Indeed. After starting his season 0-for-8 in two games, Belt would post just nine more 0-fers in 75 games in the California League. He would put together an 18-game hit streak in April and a 16-game streak in June, flashing more power as time went on. Even his baserunning improved — after going just 11-for-18 stealing bases the first two months, Belt stole seven straight bases successfully before earning a promotion to Double-A. Belt’s Cal League career ended with a .383/.492/.628 batting line (.486 wOBA)in one of the leagues tougher stadiums in which to hit- at an age just under the league average. The team moved him up to Richmond in the Eastern League, where — according again to Fred Stanley in Baggarly’s piece — “it’s taken some of our batting hitting prospects a few months to get used to that league.”

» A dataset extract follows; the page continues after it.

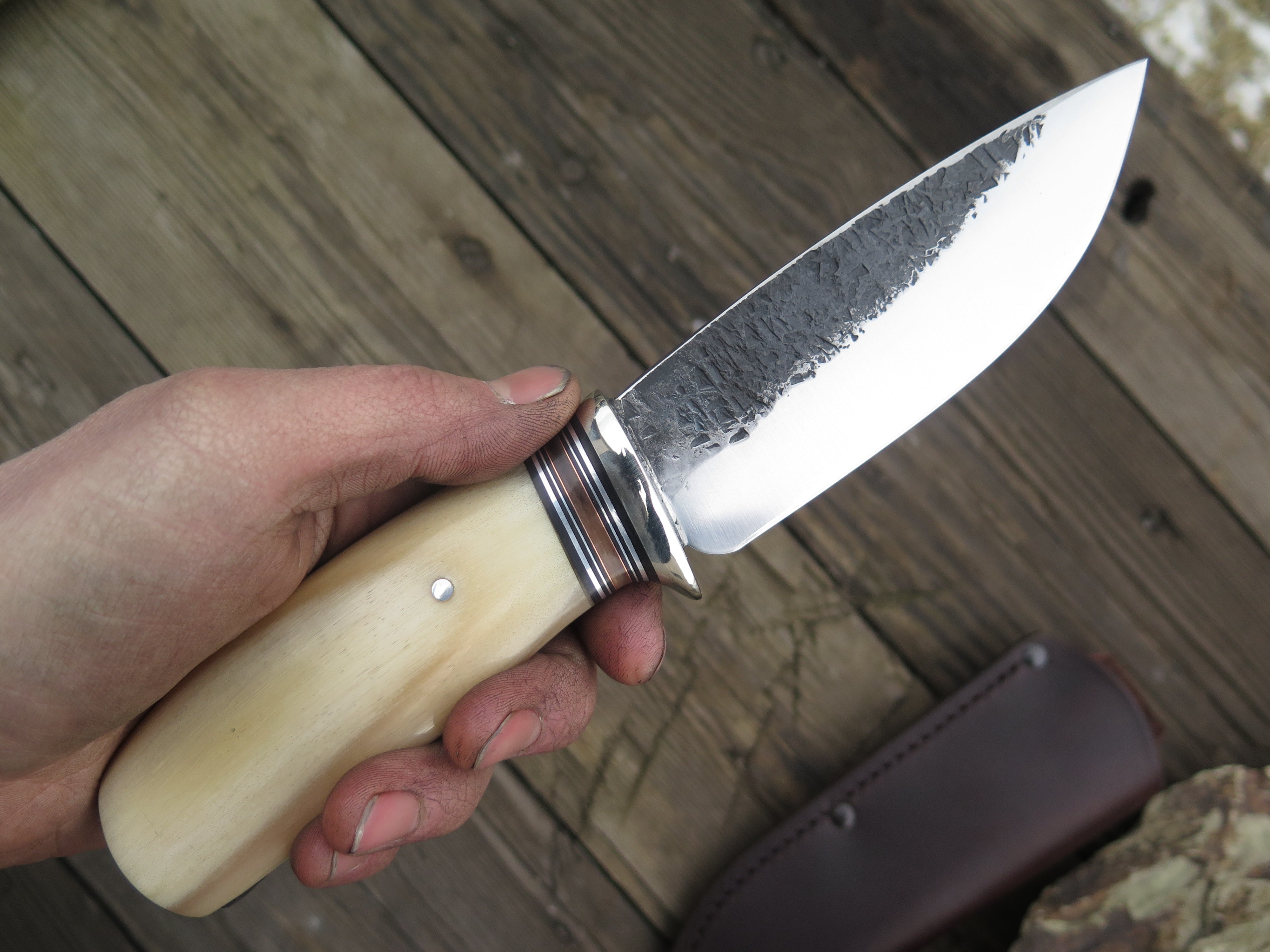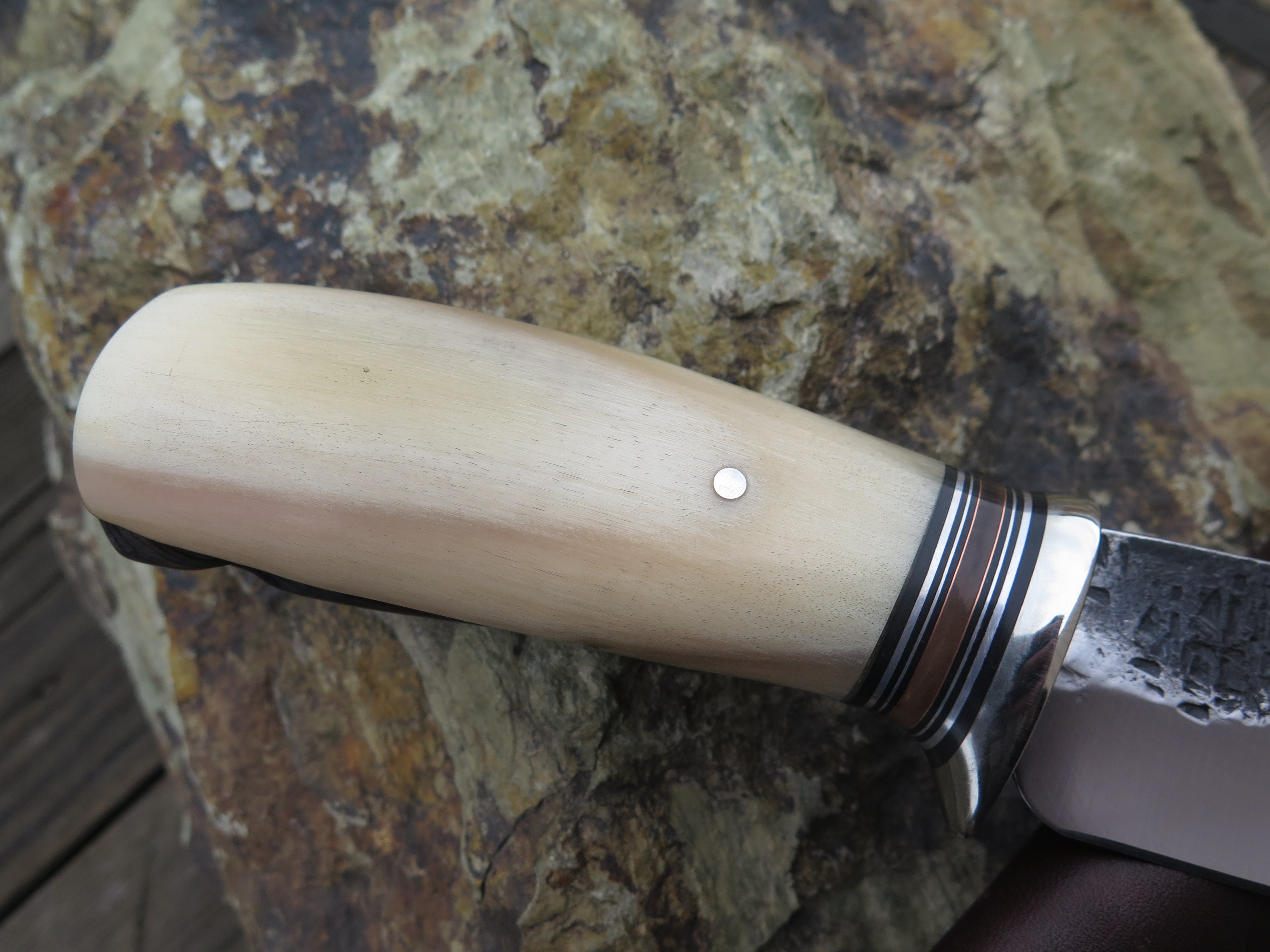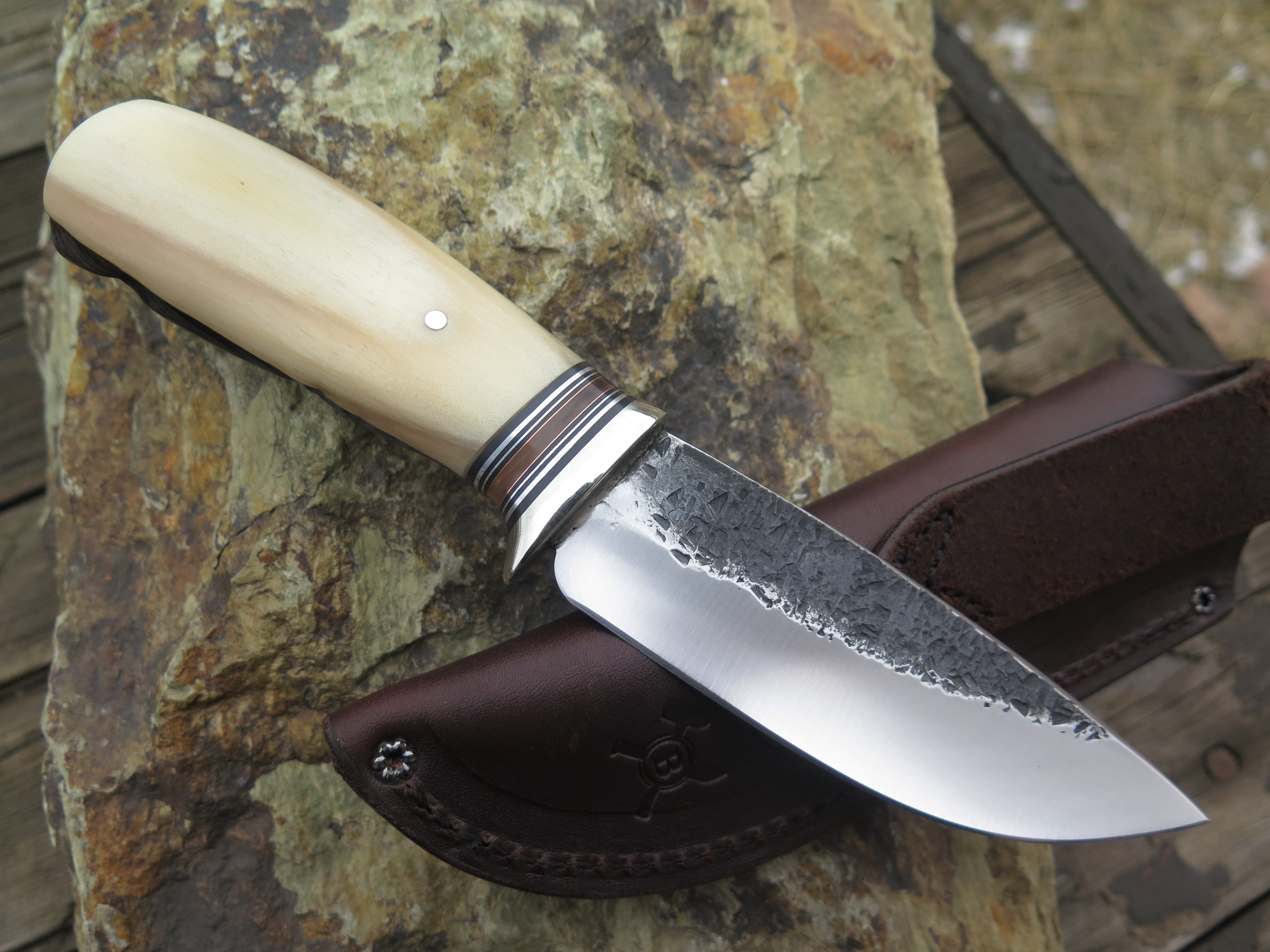 This outstanding new Drop Point from Behring Made© is hand forged from 3/16" thick high carbon 01 tool steel and it measures 5" from tip to guard with a razor sharp hollow grind and our hammermark finish. The nickel silver guard is soldered in place above black fiber, aluminum and premium fossil walrus ivory spacers in addition to a premium Dall's sheep horn handle that we pinned through the tang with aluminum. The overall length measures 9 3/8" and it comes in a classic Warlander Leather pouch sheath.

It took Belt one game. In his Flying Squirrels debut, Belt went 0-for-3 against former first-round pick Brooks Brown. He followed that up with a 12-game hitting steak that included five home runs and six multi-hit games. With above-average speed and a strong left arm (he was once considered a stronger prospect on a mound), I was calling for an outfield trial as early as June. On July 29, the Giants responded, giving Belt a start in left field for the first time all season. In his final 23 games with Richmond, Belt would take the outfield seven times. While his defense at first base is considered an asset, adding some versatility can’t be considered a bad thing — and given the AAA Fresno Grizzlies have had Brett Pill at first base all season, Belt sure enough had his first start yesterday in left field.

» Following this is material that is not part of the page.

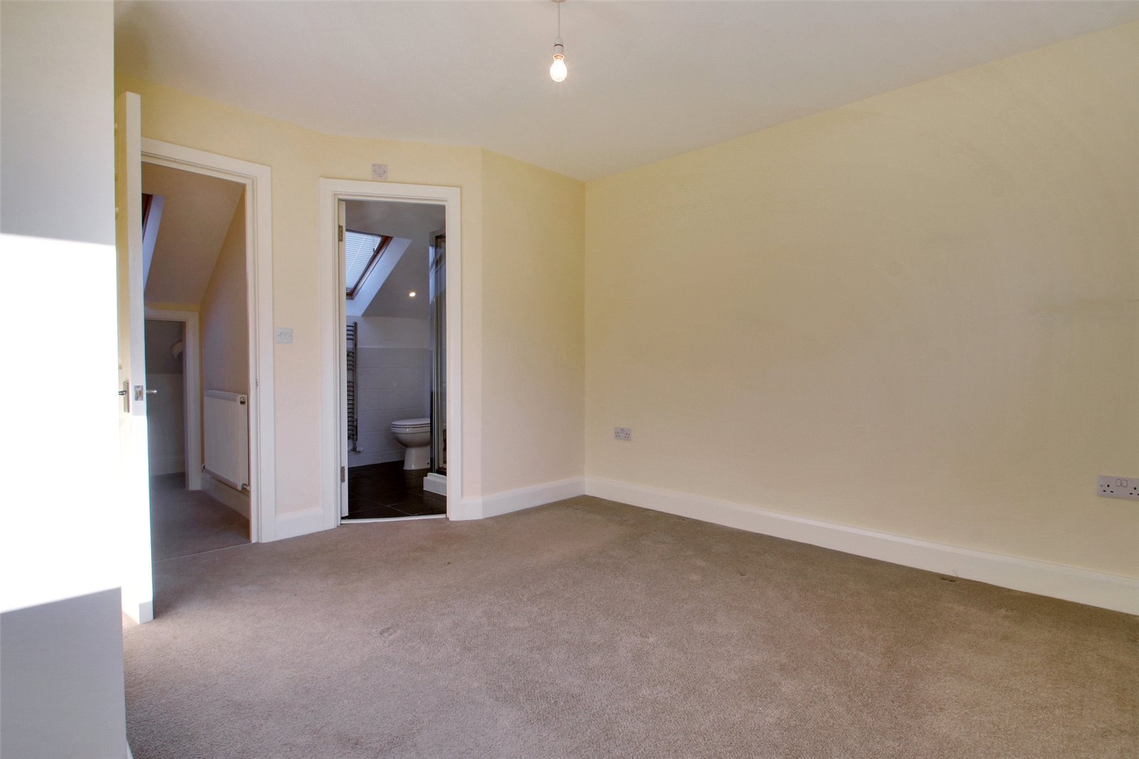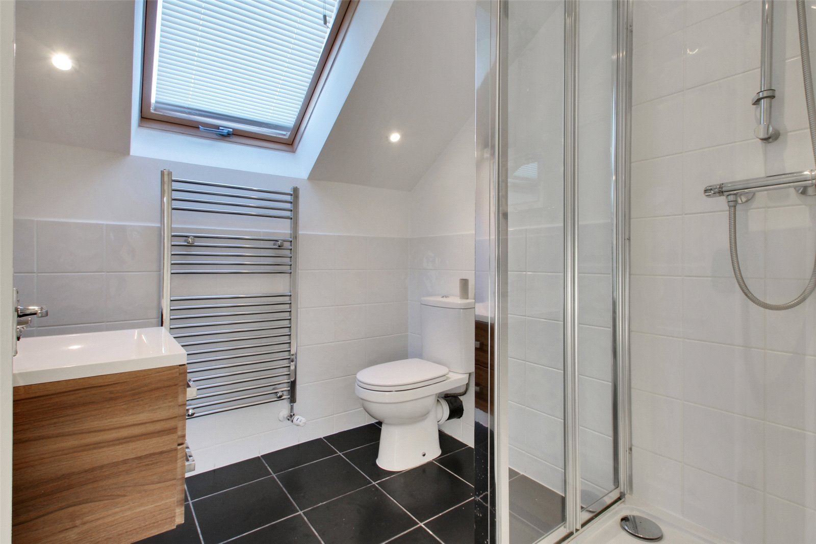 En-Suite Shower Room 6'11" (2.1m) at widest point x 6'1" (1.85m). Fakro skylight window to front. Tiled flooring. Plain ceiling with downlights. Chrome heated towel rail. Square shower cubicle with folding door. Low level W.C. Floating sink unit with drawer unit below. Light with shaver point.

According to Baggarly, “the Giants expect to call him up in September.” I’m guessing the promotion to Fresno has something to do with the fact that the Grizzlies are in a Pacific Coast League playoff hunt, while Richmond is near the bottom of the Eastern League standings. Many teams like their prospects to get some minor league postseason experience before reaching the big leagues, and I think it’s likelier we’ll see Belt in San Francisco after the Fresno season ends, rather then when the rosters expand on September 1. I think he could help the Giants against right-handed pitchers; he doesn’t have a bad line against left-handers this year, but in High-A he couldn’t hit them for power (.097 ISO), and in Double-A, his BB-K ratio was 2-12 in 53 plate appearances. He has shown some improvements this year, and I’m not calling him a future platoon player, just not a 22-year-old that should be getting development time against big league lefties in a Wild Card race.

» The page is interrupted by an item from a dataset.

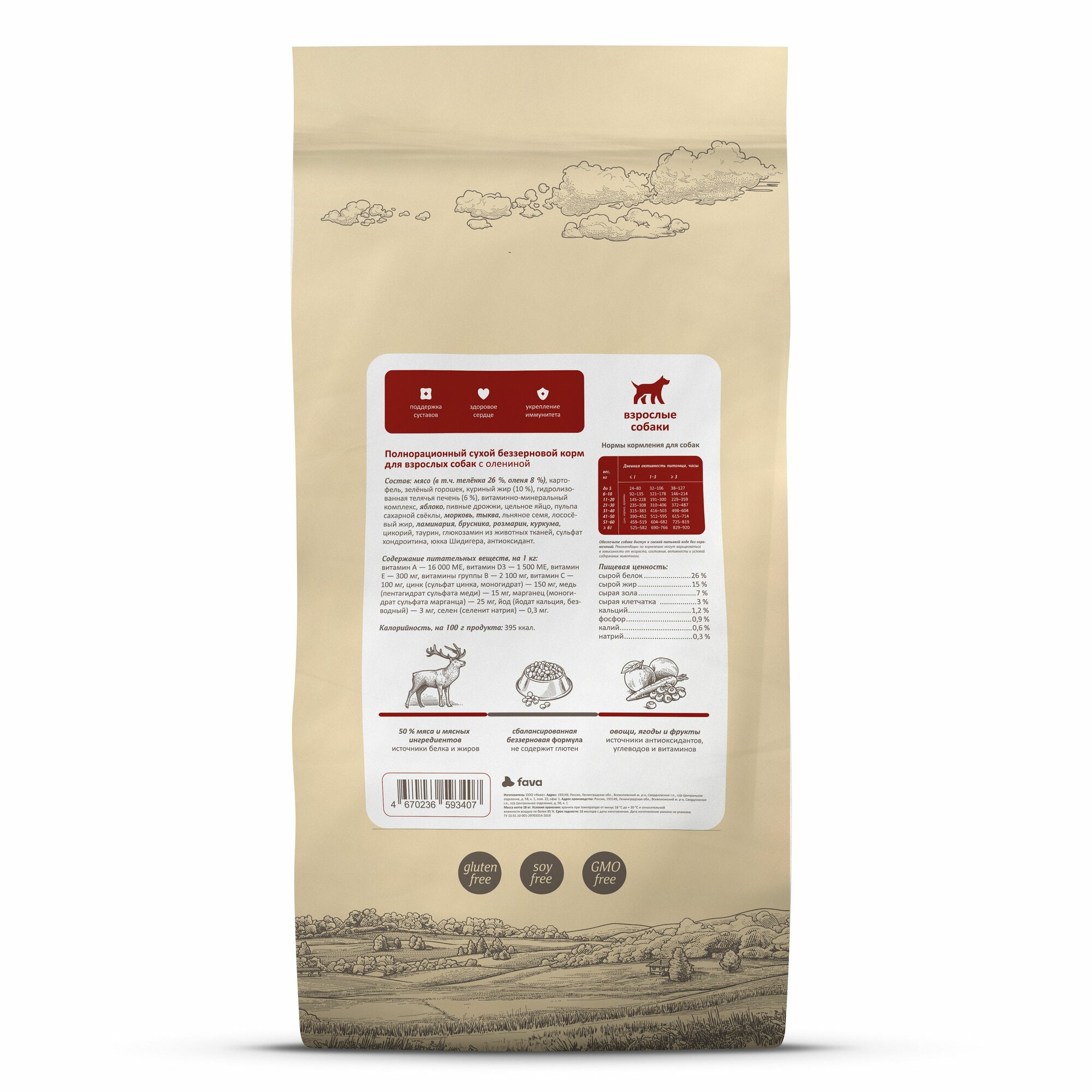 Состав: мясо (в т.ч. телёнка 26 %, оленя 8 %), картофель, зелёный горошек, куриный жир, витаминно-минеральный комплекс, яблоко, пивные дрожжи, цельное яйцо, пульпа сахарной свёклы, морковь, тыква, льняное семя, лососёвый жир, ламинария, брусника, розмарин, куркума, цикорий, таурин, глюкозамин из животных тканей, сульфат хондроитина, юкка Шидигера

We’ll get into Belt’s WAR potential another day, but suffice it to say, we should begin taking this breakout seriously. Belt now has 536 plate appearances with a solid strikeout rate, a great walk rate, and improving power. As Dave Cameron reminded us around the trade deadline, “In prospect land, things can change a lot in a short period of time.” This is magnified when a team combines good scouting with good developing; it’s magnified even gretaer when a player buys into instruction. Brandon Belt isn’t a future star, but he’s a reason for the Giants to re-consider paying Aubrey Huff for his big season.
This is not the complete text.